Это было безраздельное торжество задержаний, повторов нот на одном слоге и на одном слове, изобретенных Церковью, чтобы изобразить избыток внутренней радости, не передаваемой словами; душа рвалась, вылетала наружу в страстных голосах, исходивших из тел, содрогавшихся монахов.
Дюрталь следил по своему молитвеннику за песнопением, таким коротким по тексту и так долго поющимся. Когда слушаешь и читаешь со вниманием это великолепное славословие, оно как будто делится, представляя три состояния души, три стадии человеческой природы: молодость, зрелость и угасание — словом, кратко представляя суть молитвы каждого возраста.
Поначалу это была песнь ликования, радостный крик малыша, лепечущего умильные слова, ласкающего мать своим приветом или желающего ее улестить: так здесь пелось Salve Regina, Mater misericordiae, vita, dulcedo et spes nostra, salve! [87]Затем эта невинная, в простоте блаженная душа вырастала; она уже ведала вольные мысленные прегрешения, сор бесконечных дурных поступков; она складывала руки перед собой и, рыдая, умоляла о помощи. Она поклонялась не с улыбкой уже, а с плачем, и это было: Ad te clamamus exules filii Hevae; ad te suspiramus gementes etflentes in hac lacrimarum valle [88]. Наконец, наступала старость; душа падала навзничь, измученная воспоминанием о неисполненных советах, сожаленьями об утраченных милостях; устрашенная, ослабевшая она ужасалась своего освобождения, разрушения темницы тела, приближение коего чувствовала; и тогда она помышляла о вечном проклятье тех, кто отвергнут Судией, на коленях молила Заступницу земли и Советницу Неба, и тогда звучало: Eia ergo Advocata nostra, illos tuos misericordes oculos ad nos converte et Jesum benedictum fructum ventris tui nobis post hoc exilium ostendi [89].

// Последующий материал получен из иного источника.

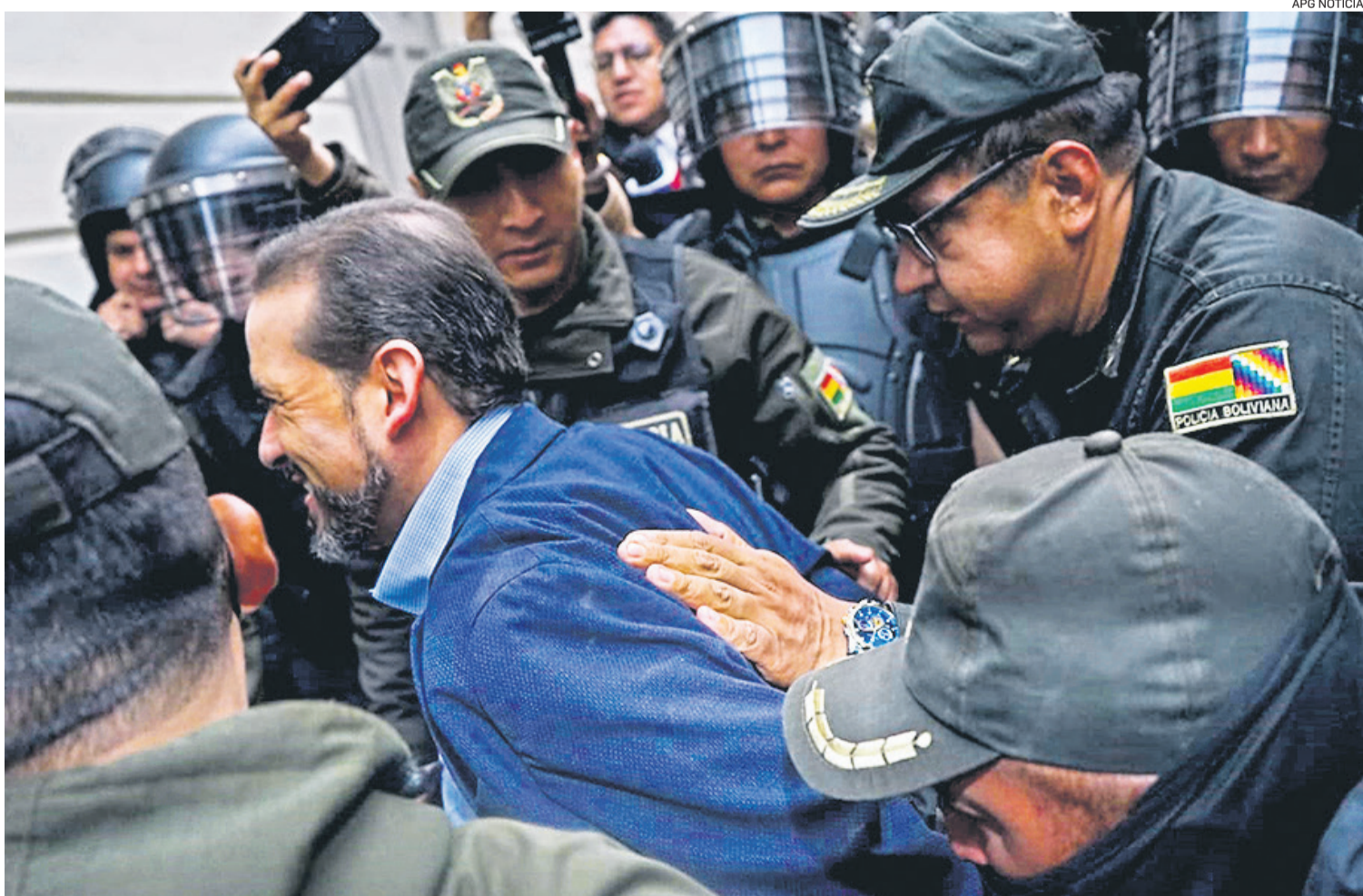
La policía tomó medidas extraordinarias para custodiar al gobernador de Santa Cruz que está detenido en Chonchocoro desde diciembre de 2022

Durante el primer día de audiencia, el gobernador se reunió unos minutos con toda su familia después de dos años.

И к этому главному месту молитвы, сложенной то ли Петром Компостельским, то ли Германом Скрюченным, святой Бернард в приступе усердия к Святой Деве прибавил на конце тройственное призывание: O clemens, o pia, o dulcis Virgo Maria [90], словно тройной печатью скрепив неподражаемое песнопение тремя кличами любви, возвращая весь гимн к нежному обожанию начала.
Это уже нечто небывалое, подумал Дюрталь, когда трапписты пропели нежное, настойчивое призывание; задержания растягивались на «о», проходя по всем оттенкам души, по всем регистрам звука; в этих междометиях, в одевавших их последовательностях нот лишний раз подводился итог освидетельствованию души, изложенному в самом теле гимна.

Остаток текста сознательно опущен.